Dear, diary

Liepiscesha
Chapter #49

Chapter 48

Kelas di mulai dengan presentasi dari kelompokku. Kami maju dengan penuh ketegangan, belum memulai aku sudah merasa ngeri dengan tatapan intimidasi dari seisi kelas. Tatapan dari anggota kelompokku seolah mengatakan “Kesalahan sekecil apapun, lo mati” itulah yang aku dengar dari tatapan meraka. Mataku dan Yian saling bertemu, dari tatapannya aku bisa merasakan sedikit kekuatan. Ia pasti mengatakan, “Semangat, lo bisa” ucap tatapan Yian.

Aku menghela napas gusar, Irene, Yian dan Raka melakukan tugasnya untuk mengoperasikan laptop dan led proyektor. Sahwa, beserta Leo membagikan selembaran materi kemudian Julian yang membantuku membawakan hasil presentasi.

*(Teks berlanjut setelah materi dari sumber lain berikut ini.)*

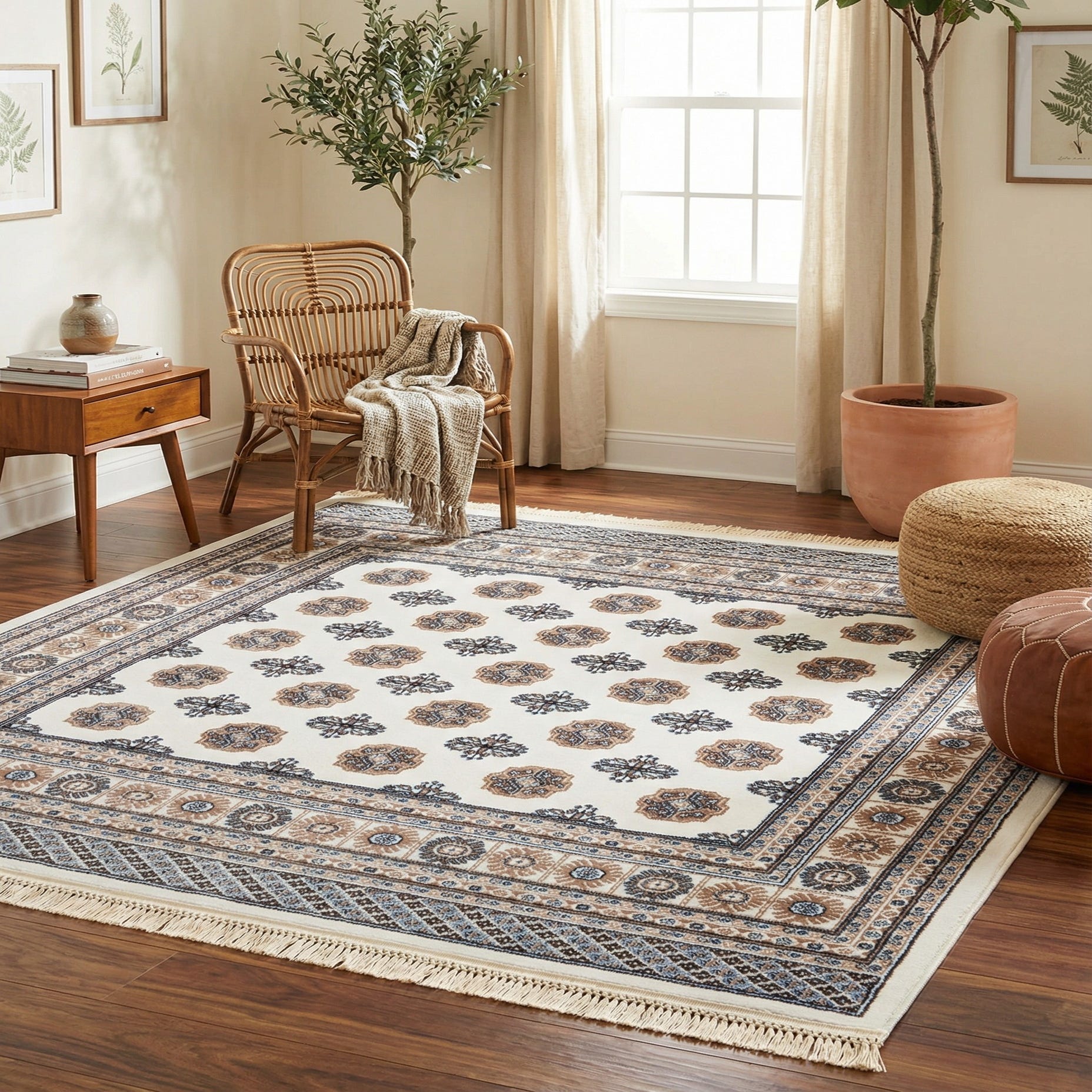The Bokhara Collection offers a 6 Ft Square rug that is machine woven from 100% polypropylene, ensuring durability and stain resistance. This rug presents a central field of traditional geometric motifs enclosed by ornamental borders. The color palette includes an ivory background accompanied by rich navy blue and light brown accents, creating a visually cohesive and versatile design. The texture of the rug is smooth, crafted to provide a pleasant underfoot experience while maintaining ease of maintenance.

Aku mulai mengucapkan isi materi pertama setelah sambutan yang Julian telah ucapkan, tekanannya sangat luar biasa, meski begitu aku berhasil melewati masa krisis. Untuk pertama kalinya aku bisa berbicara dengan lancar menggunakan Bahasa Inggris, walaupun anak-anak lain tak mempercayai apa yang baru saja aku lakukan mereka tetap saja memberikan tepuk tangan untuk mengapresiasi hasil kerja kelompok kami.

“Good job” puji Yian sembari berbisik. Aku menahan senyum mendengar pujiannya.

Kelas berakhir, begitu bel istirahat berbunyi aku segera berlari menuju taman belakang menghampiri seorang penyelamat nasib ku. Dengan napas terengah aku menghadapi Arlen dengan senyum lebar, Arlen sudah siap dengan sekaleng minuman di tangannya. Aku meneguk minuman darinya memuaskan rasa haus yan telah ku tahan sejak 3 jam lalu.

“Lo mau makan apa? Biar gue traktir apapun yang lo mau, eh gak deng gak bisa apapun, gue cuma punya 50 ribu, itu juga buat jajan sebulan sebenernya” ungkapku.

Arlen menatap datar, aku memutar otak agar bisa mengembalikan kegembiraan Arlen.

“Gue usahain! Apapun yang mau lo makan, asal gak sampe ratusan ribu?” ucapku dengan hati-hati sembari memeriksa raut wajahnya.

Kembali ke 3 jam lalu sebelum kelas pertama di mulai, Arlen mengajukan ide untuk membantuku melakukan presentasi. Pertama -tama ia memintaku untuk menunjukkan apa yang telah aku pahami dan pelajari untuk melakukan presentasi, setelah melihat apa yang telah aku pelajari ia segera memberikan sebelah pasang earbuds yang ukurannya sangat kecil, aku menatp benda tersebut bingung. Melihat sikap lambatku Arlen dengan inisiatifnya memasangkan sebelah earbuds tersebut pada sebelah telingaku.

Di lanjutkan dengan memeriksa penampilanku, ia kemudian menyentuh rambutku pelan, mengaturnya agar menutupi telinga kiriku yang terpasang earbuds.

Aku menahan geli dan menghindari matanya. Tanpa maksud yang pasti ia mengelus kepalaku pelan, namun sentuhannya terasa canggung dan sedikit aneh. Selama 17 tahun hidupnya aku yakin ia pasti hanya bergaul dengan teman laki-lakinya.

Selama presentasi Arlen membantuku mengingat materi presentasi dan mengucapkan kalimat yang aku lupa, sesekali ia juga emosi karena pengejaanku yang buruk namun dengan sabar ia membantuku menyelesaikan presentasi.

Kembali ke saat saat ini,

“Udahlah bawel banget lu, soal itu biar gua yang putusin mau apa, lu tinggal nurutin apa mau gua aja” ujarnya.

“Bukannya lo maunya di traktir makan?” tanyaku.

“Lu pikir gua gua apa selalu minta di traktir makan, gua bisa beli makanan gua sendiri” ujarnya sebal.

“Oh gitu, yaudah pokoknya lo bilang aja mau apa, tanpa lo gue gak akan bisa ngelakuin presentasi tadi” ucapku.